*** Opening of Dataset extract ***
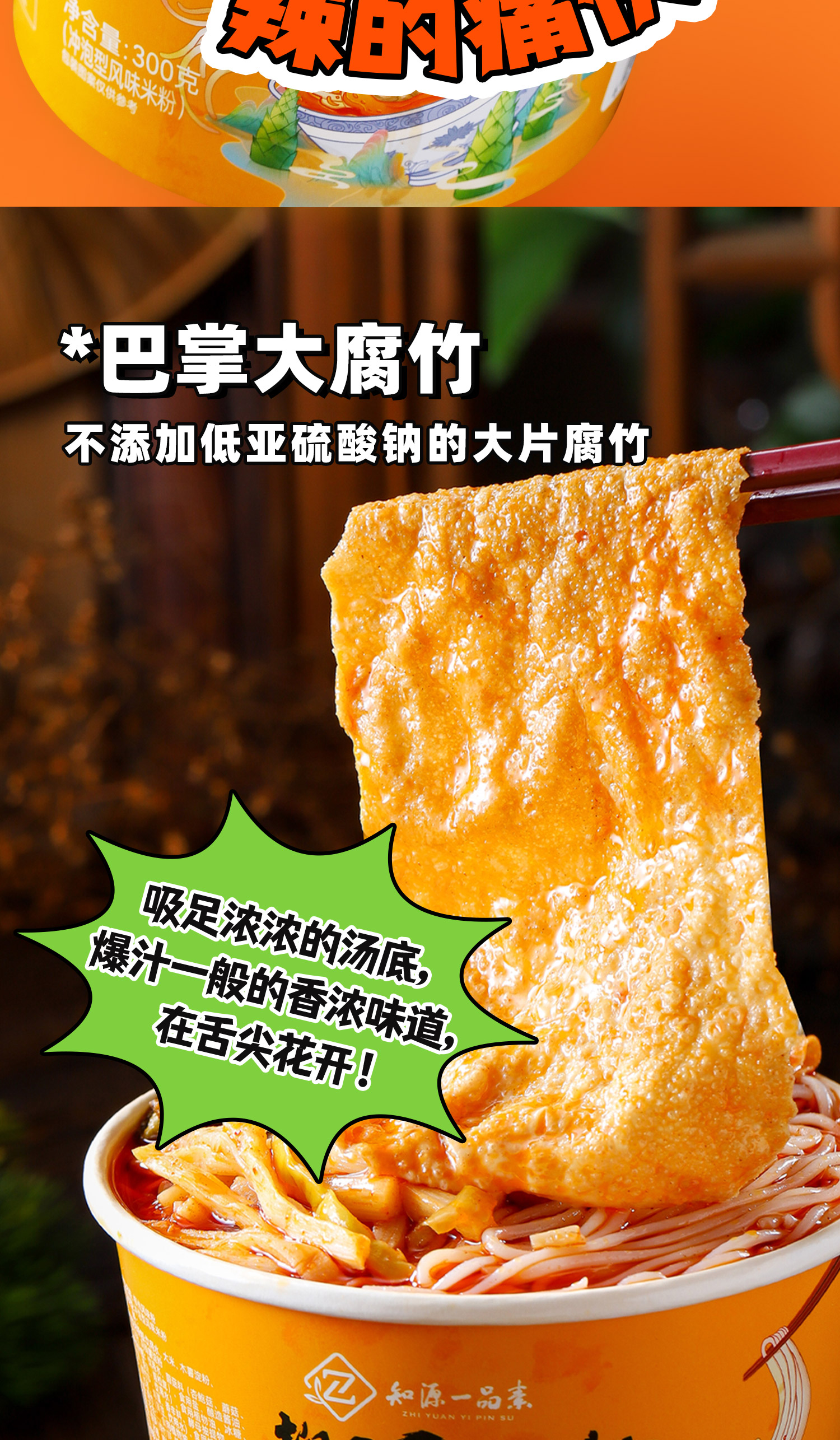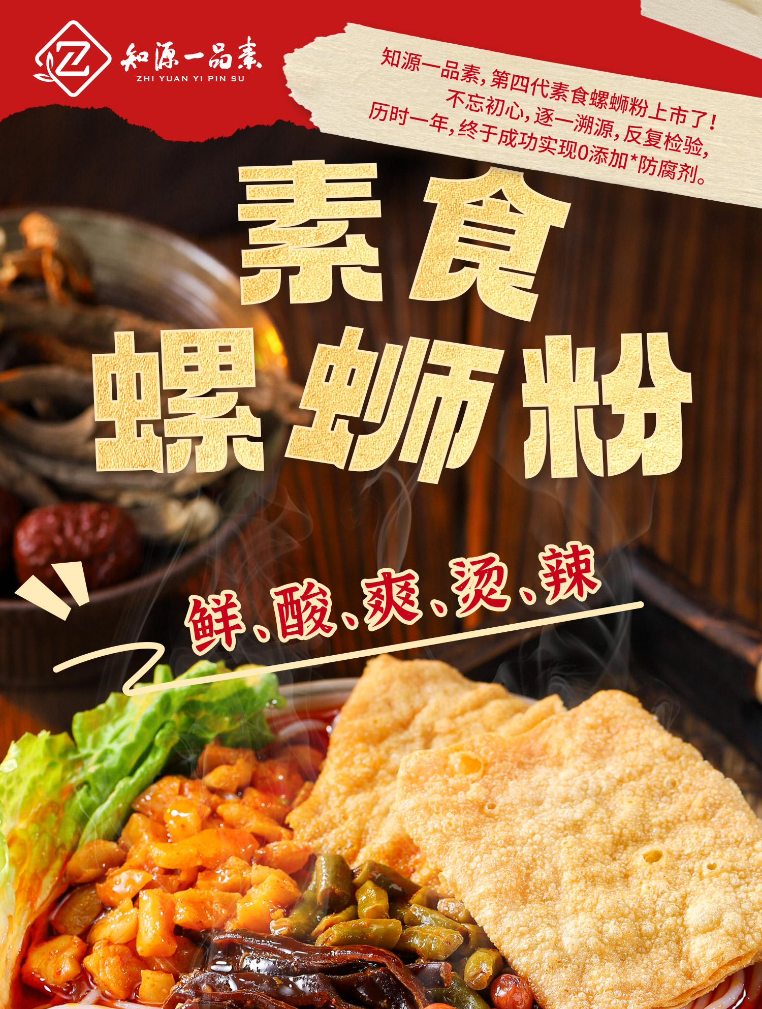 2019年年底知源一品素素食螺蛳粉应运而生,也就是这一碗素食版柳州风味粉。其特点,在于其辣、爽、鲜、酸、烫的独特风味,让人欲罢不能。汤料香辣浓郁,粉滑嫩爽口,搭配的配料酸甜可口,口感丰富。素食螺蛳粉中的米粉是主食,富含碳水化合物和纤维素,有助于提供能量和促进肠道蠕动。汤料中的香料和配料富含多种营养成分,如辣椒中的维生素C和胡萝卜素,豆腐泡中的蛋白质和钙等。
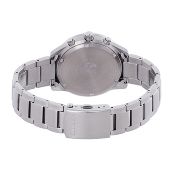 Silver-tone stainless steel case and bracelet. Silver-tone stainless steel bezel. Silver dial with silver-tone hands and index hour markers. Minute markers around the outer rim. Dial Type: Analog. Luminescent hands and markers. Date display at the 3 o'clock position. Chronograph - two sub-dials displaying: 60 second and 60 minute. Citizen Caliber B642 quartz movement. Scratch resistant mineral crystal. Solid case back. Round case shape, case size: 41 mm, case thickness: 10.9 mm. Band width: 20 mm. Three-fold push type nakadome clasp. Water resistant at 100 meters / 330 feet. Functions: chronograph, hour, minute, second. Dress watch style. Watch label: Japan Movt. Citizen Chronograph Quartz Silver Dial Men's Watch CA7030-97A.
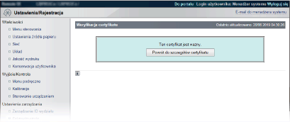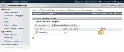 Kliknij [Ustawienia klucza i certyfikatu], aby zweryfikować parę kluczy lub [Ustawienia certyfikatu CA], aby zweryfikować certyfikat CA.
*** Close of Dataset extract ***
Each line of the material above should be set down exactly, with no pictures.

### Result of the exercise
 2019年年底知源一品素素食螺蛳粉应运而生,也就是这一碗素食版柳州风味粉。其特点,在于其辣、爽、鲜、酸、烫的独特风味,让人欲罢不能。汤料香辣浓郁,粉滑嫩爽口,搭配的配料酸甜可口,口感丰富。素食螺蛳粉中的米粉是主食,富含碳水化合物和纤维素,有助于提供能量和促进肠道蠕动。汤料中的香料和配料富含多种营养成分,如辣椒中的维生素C和胡萝卜素,豆腐泡中的蛋白质和钙等。
 Silver-tone stainless steel case and bracelet. Silver-tone stainless steel bezel. Silver dial with silver-tone hands and index hour markers. Minute markers around the outer rim. Dial Type: Analog. Luminescent hands and markers. Date display at the 3 o'clock position. Chronograph - two sub-dials displaying: 60 second and 60 minute. Citizen Caliber B642 quartz movement. Scratch resistant mineral crystal. Solid case back. Round case shape, case size: 41 mm, case thickness: 10.9 mm. Band width: 20 mm. Three-fold push type nakadome clasp. Water resistant at 100 meters / 330 feet. Functions: chronograph, hour, minute, second. Dress watch style. Watch label: Japan Movt. Citizen Chronograph Quartz Silver Dial Men's Watch CA7030-97A.
 Kliknij [Ustawienia klucza i certyfikatu], aby zweryfikować parę kluczy lub [Ustawienia certyfikatu CA], aby zweryfikować certyfikat CA.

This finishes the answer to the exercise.